We weren’t the only Westerners; we heard Hebrew, German and possibly Swedish or Dutch being spoken. Trying to pick up the different languages helped pass the time.

Also among the visitors were several groups of well-behaved Vietnamese schoolchildren, wearing matching jackets. Some were also sporting white garrison-style caps.

The morning was overcast and comfortably cool, and the shaded walkway closer to the entrance had overhead fans, though they were not running on this day.


As the line progressed, we passed two colorful tile mosaics on buildings’ exterior walls. One features a line of smiling schoolchildren approaching a woman clad in a blue and white ao dai, the traditional dress of Vietnam.
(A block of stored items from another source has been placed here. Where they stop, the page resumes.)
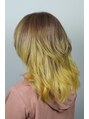 ベージュとイエローのバレイヤージュ風グラデーション。ロングウルフスタイルで軽めのスタイル。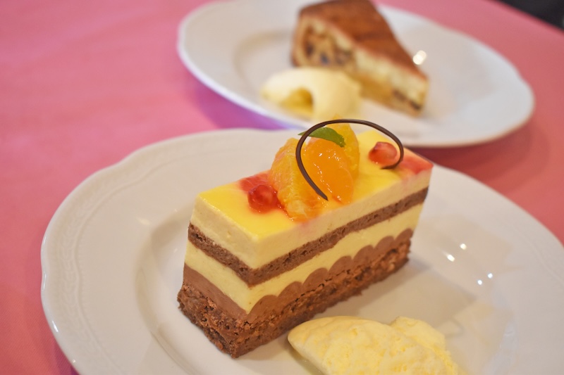 手前がショコラオランジュ、奥がガトーバスクです。お店にはリヨンのパティスリーで学ばれた写真が飾られていました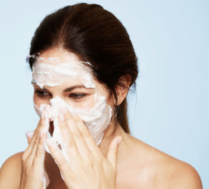 Zuerst muss die Haut auf die eigentliche Reinigung vorbereitet und vom Make-up befreit werden. Bleibt das Make-up auf der Haut, können die Poren schneller verstopfen und Unreinheiten entstehen. Auch wenn Sie sich nicht schminken, sollten Sie die Haut trotzdem von Staubpartikeln, Hautschüppchen und Bakterien befreien. Denn auch Schadstoffe lagern sich tagsüber auf der Haut ab und können ohne eine gründliche Reinigung oxidativen Stress auslösen und die Faltenentstehung damit begünstigen. Für die Vorbereitung der Haut eignet sich z.B. der Klärende Reinigungsschaum oder unser Augen Make-up Entferner.

Two fish in a red-blue-green pool of spiraling tiles are frolicking at the bottom. Behind the woman is a fruit tree, possibly orange, heavy with light yellow orbs.


The other mosaic looked to be promoting the unity of Vietnam. Two women, one in a white ao dai and the other in a red blouse and black trousers with a checkered black-and-white scarf around her neck, meet in the center, extending single touching hands. Beneath them is a little boy holding an open book above his head.
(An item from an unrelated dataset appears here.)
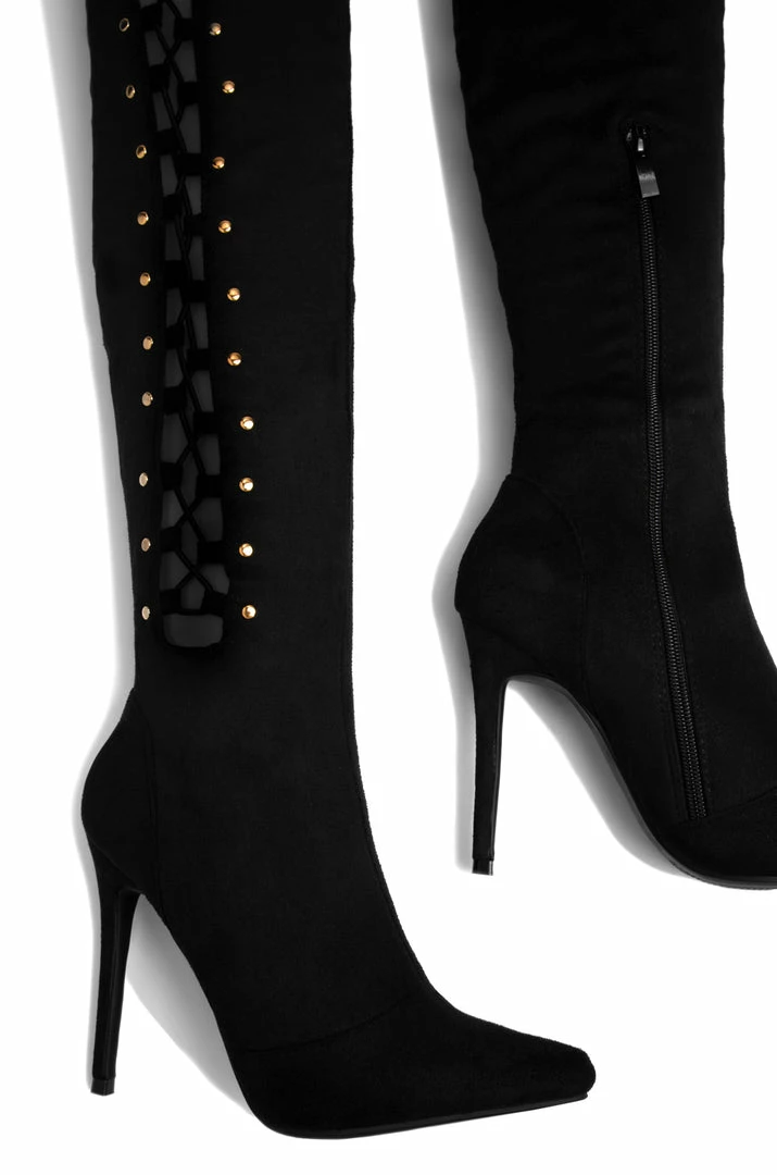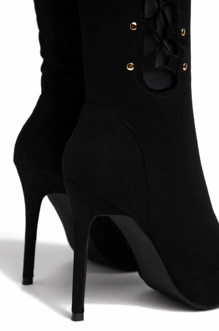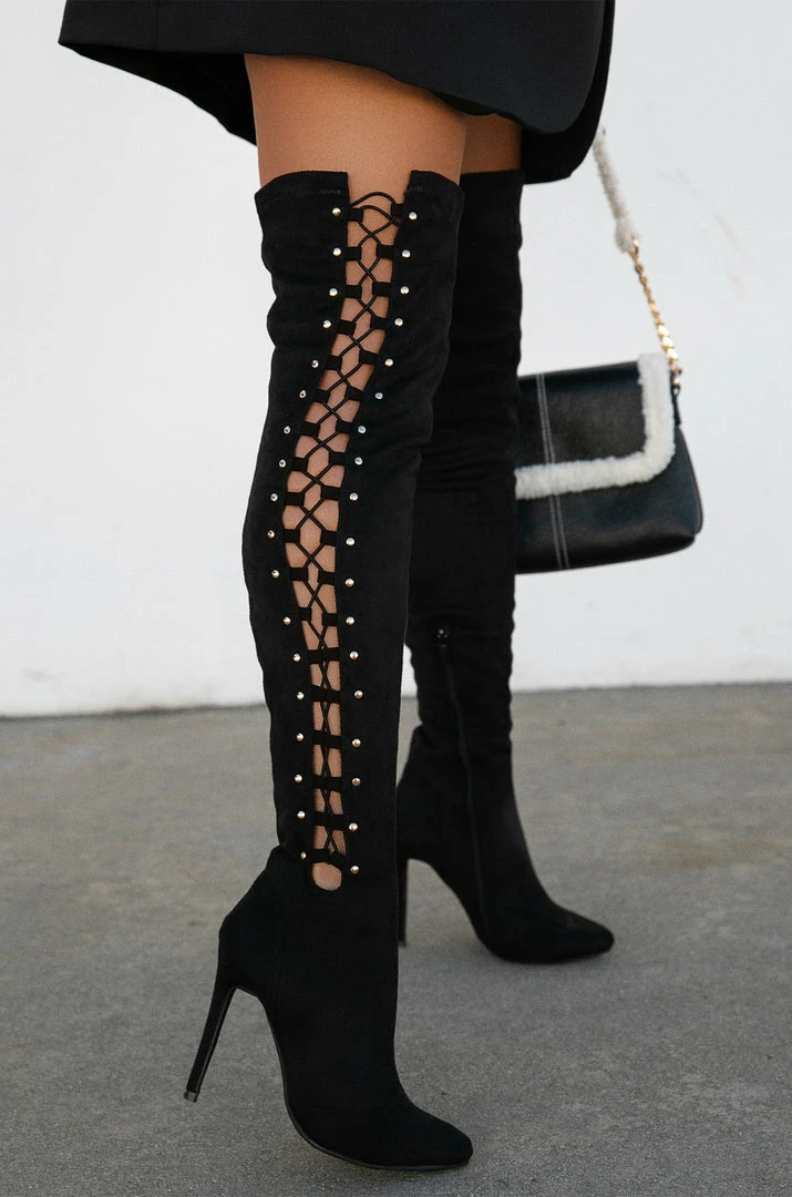 - Side Cutout Lace Up Detailing (makes for adjustable boot entry circumference)

At left, a woman in a skirt and a headpiece may be representing the hill tribes of northern Vietnam and at right, a woman wears a more modern, sleeveless green dress with three red stripes. In the center background is the Vietnamese flag and several white doves.

Finally, a little past 11 a.m., we climbed a long flight of stairs and entered the imposing, marble-columned building. Its location at Ba Dinh Square, with its lengthy parade ground, is also significant to Vietnam’s history. It was here that Ho Chi Minh read the country’s declaration of independence in 1945.
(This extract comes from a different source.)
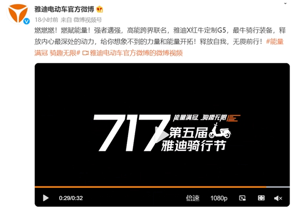7月11日,“雅迪電動車官方微博”官宣了與紅牛安奈吉合作的消息。從視頻中可以看出,此次717騎行節(jié),雅迪在秉承往屆騎行節(jié)精神內(nèi)核的同時,還破圈跨界,與圈粉無數(shù)潮酷青年的紅牛安奈吉聯(lián)名,為大家打造一場“能量滿冠 騎趣無限”的騎行之旅。

Four military guards in crisp white uniforms stand a short distance from each corner of the coffin. In single file, visitors enter the cool, darkened room and walk slowly past one side of the glass sarcophagus.  You can just make out a frail figure with a long, wispy white beard in a white (or possibly khaki) suit. The line then passes the top end of the coffin, and continues down the other side, having made a U-shape, before exiting through a different door.


Also at the complex: the Ho Chi Minh Museum (above), Ho Chi Minh’s Stilt House, Presidential Palace (not open to the public) and botanical gardens. Again, these buildings are open limited days and hours, so plan accordingly.

Was a 90-minute wait worth a five-minute viewing? Let’s put it this way: My odds of getting back to Hanoi are slim, so it’s one of those things I would have regretted if I hadn’t done it.

Quick reference: Open 8 to 11 a.m. Tuesdays-Thursdays and Saturdays-Sundays. Closed September 4-November 4, when it’s believed Ho Chi Minh’s embalmed body goes to Russia for “maintenance.” Free. Visitors are required to leave backpacks and cameras at different checkpoints. No pictures are allowed inside the mausoleum. Visitors are advised to be silent and keep their hands out of their pockets. Dress respectfully; no shorts, tank tops or hats. Guards enforce the dress code. A taxi from the western side of the Old Quarter costs about 42,000 Vietnam dong, about $2.